Although the emergency systems are designed to reinsert the control rods and stop the fission reaction in the event of an emergency, radioactive decay from the reaction products will continue to generate heat in the absence of coolant and fission reactions. This heat will cause the reactor core to melt within an hour after coolant is stopped.
What happens at this point is the subject of conjecture and, perhaps fortunately, little actual experience. The worst case scenario would be if the molten reactor core penetrates the containment vessel and hits ground water. The combination of molten radioactive material and water may cause a chemical explosion which would spread radioactive material over a large area.

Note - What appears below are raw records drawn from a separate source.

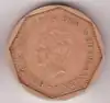 The 50-cent coin is diamond-shaped. It is the only modern Antillean coin in this form, but an earlier version of the five-cent piece was also in this shape. |
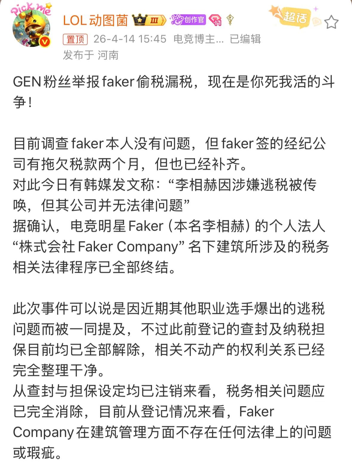 Introduction: The S16 season competition has officially begun, and it is believed that most players have been following the recent matches. The competitions across various major regions are quite intense, and discussions about the LCK region have been particularly frequent these days, especially regarding the GEN team, which recently participated in the Global Pioneer Tournament. As the strongest team in the LCK region, they lost to the G2 team in the competition, prompting an official investigation into match-fixing. Ultimately, no match-fixing issues were found, but instead, Ruler's tax problems were exposed. Recently, GEN fans, in an attempt to divert attention, frantically reported Faker for tax evasion. However, after an official investigation, it was found that Faker had no issues, but his agency had owed taxes for two months, though they have now paid them.
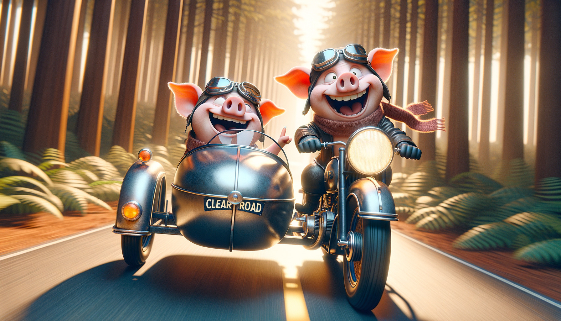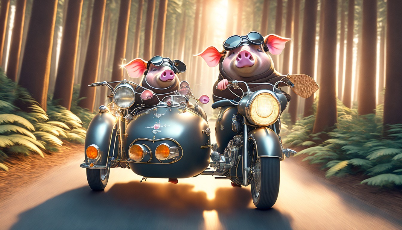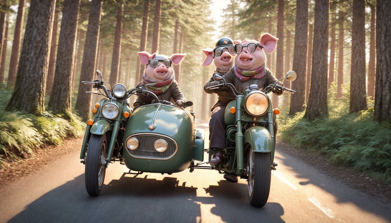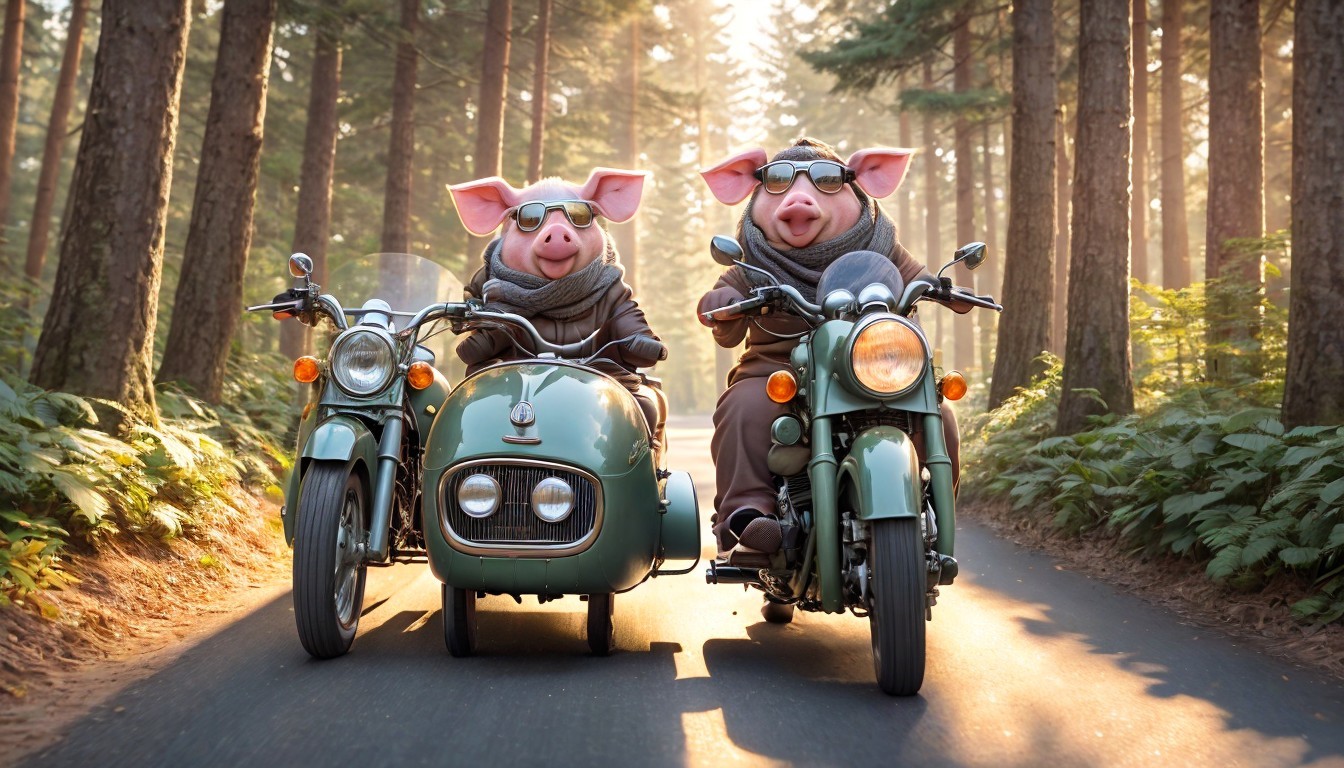 Two animated pigs wearing goggles ride motorcycles in a sunlit forest.
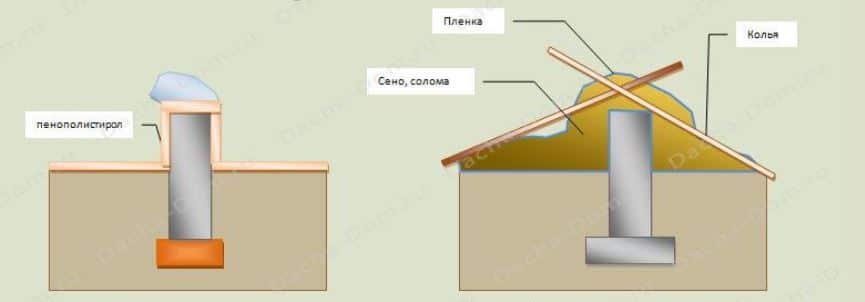 - утепление боковых стен пенопластом или другим влагонепроницаемым утеплителем;
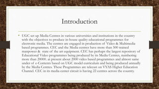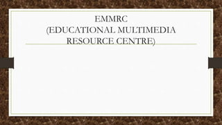 The Educational Multimedia Resource Centre (EMMRC) was established by the University Grants Commission to produce educational video and multimedia content. It has a large studio facility and produces over 2,000 video lectures and e-learning materials annually based on UGC curriculum. This content is broadcast on educational television channels and streamed online, reaching over 25 million students. The EMMRC conducts research and provides training to improve the quality of its educational programming and resources.
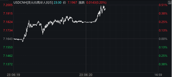 盘中失守7.2元关口! 6月21日上午,人民币对美元汇率继续走低。开盘后,在岸人民币对美元汇率一度下跌超200基点;离岸人民币对美元汇率盘中失守7.2元关口,为2022年11月以来首次。 近期人民币贬值的原因是什么?年内后续人民币汇率走势如何? 在岸、离岸人民币对美元汇率双双回调 人民币对美元汇率中间价已连续两天走弱。外汇交易中心公布数据显示,6月21日,人民币对美元汇率中间价调降199基点,报7.1795元。在前一交易日,6月20日,该中间价调降395个基点。 ![]() 来源:外汇交易中心 中间价走势一定程度上预示了市场汇率走势。6月21日上午,在岸、离岸人民币对美元汇率双双回调。其中,在岸人民币对美元汇率一度下跌超200基点,离岸人民币对美元汇率盘中失守7.2元关口,为2022年11月以来首次。 数据显示,截至11:30,离岸人民币对美元汇率报7.1967元,较前收盘价跌143基点,盘中最低报7.2005元。在岸人民币对美元汇率报7.1927元,较前收盘价跌183基点,盘中最低报7.1987元。截至6月20日,6月以来,离岸、在岸人民币对美元汇率贬值幅度为0.89%、0.96%。 ![]() ![]() 此外,6月21日上午,美元指数略有上涨。数据显示,截至11:30,美元指数涨0.04%,报102.59。 ![]() 外汇交易员表示,小长假临近,市场流动性偏低,购汇需求仍对人民币汇价构成压制。此外,中国调降LPR符合预期,对市场影响有限。 “投资者继续关注鲍威尔的半年度国会证词,人民币汇价短期关注7.2元关口附近的表现。”交易员说。 人民币汇率有支撑 经过上周的升值后,人民币对美元汇率本周重回跌势,未来人民币汇率如何走? “当前经济预期、美元指数等内外因素已经开始发生积极变化,这将有利于人民币汇率摆脱此前的弱势。不过,中美利差倒挂,以及季节性购汇等负面因素仍然存在。因此,我们预计人民币汇率在未来可能会经历一段低位企稳筑底的时间。”中金公司外汇专家李文朗表示,国常会的定调意味着后续稳经济的政策或将陆续出台,政策底或将临近,人民币等风险资产价格有望在经济政策支持下获得一定支撑。 对于降息带来的中美利差进一步倒挂,并令人民币汇率短期承压的担忧,李文朗认为,降息对人民币汇率并非完全利空,随着降息配合后续可期待的更多稳增长政策的出台,国内经济向好的预期有望得到进一步的巩固,进而提振国内资产价格表现,利好人民币汇率。 植信投资首席经济学家兼研究院院长连平表示,下半年,在美元指数可能逐渐走弱的同时,人民币汇率不具备趋势性贬值条件,相反存在一系列支撑因素。“下半年国内GDP增速可能达5%以上,经济基本面是人民币汇率维持基本稳定的基础;国际收支顺差仍可能对人民币汇率基本稳定产生积极作用;此外,人民币国际化将增加国际市场人民币需求,都将对人民币汇率产生支撑作用。” (文章来源:中国证券报) (责任编辑:admin) |
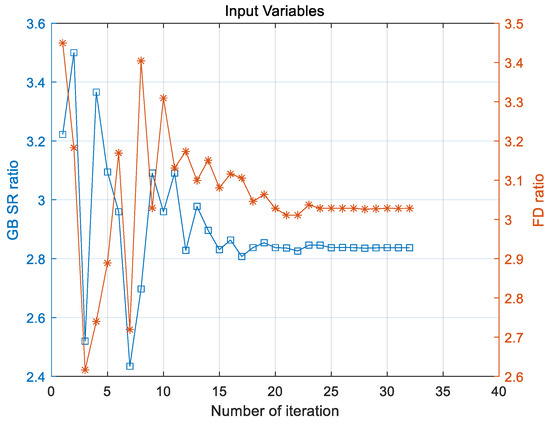 First, component-sizing optimization was performed for three cases in which two out of three parameters were paired. The objective is to find the optimal values of a parameter set for the three gear ratios—GB, TC, and FD—that minimizes fuel consumption. Table 2 shows the parameter combinations and ranges of the three cases. For example, in Case 1, the optimal values of GB and TC that minimize fuel consumption are found, and the FD value, which is not a target parameter, is fixed as the original value from Table 1. The two-parameter optimization case was performed as a preliminary task to confirm the optimization performance of the sizing algorithm and to determine the range in the three-parameter optimization case. For this, we set parameter ranges that best show the algorithm’s optimization performance and trend.

The best case scenario would be if the containment vessels held the molten material.
Although pressurized water reactors are susceptible to nuclear meltdown in the absence of active safety measures, this is not a universal feature of civilian nuclear reactors, and much of the research in civilian nuclear reactors are for designs with passive safety features that would be much less susceptible to meltdown even if all emergency systems failed.
Fast breeder reactors are more susceptible to meltdown than other reactor types, due to the larger quantity of fissile material and the higher neutron flux inside the reactor core, which makes it relatively more difficult to control the reaction.
A nuclear meltdown is also colloquially known as the China syndrome, from the humorously exaggerated notion that molten reactor material would burrow from the United States through the center of the earth and emerge in China, as popularized by the 1979 film, The China Syndrome.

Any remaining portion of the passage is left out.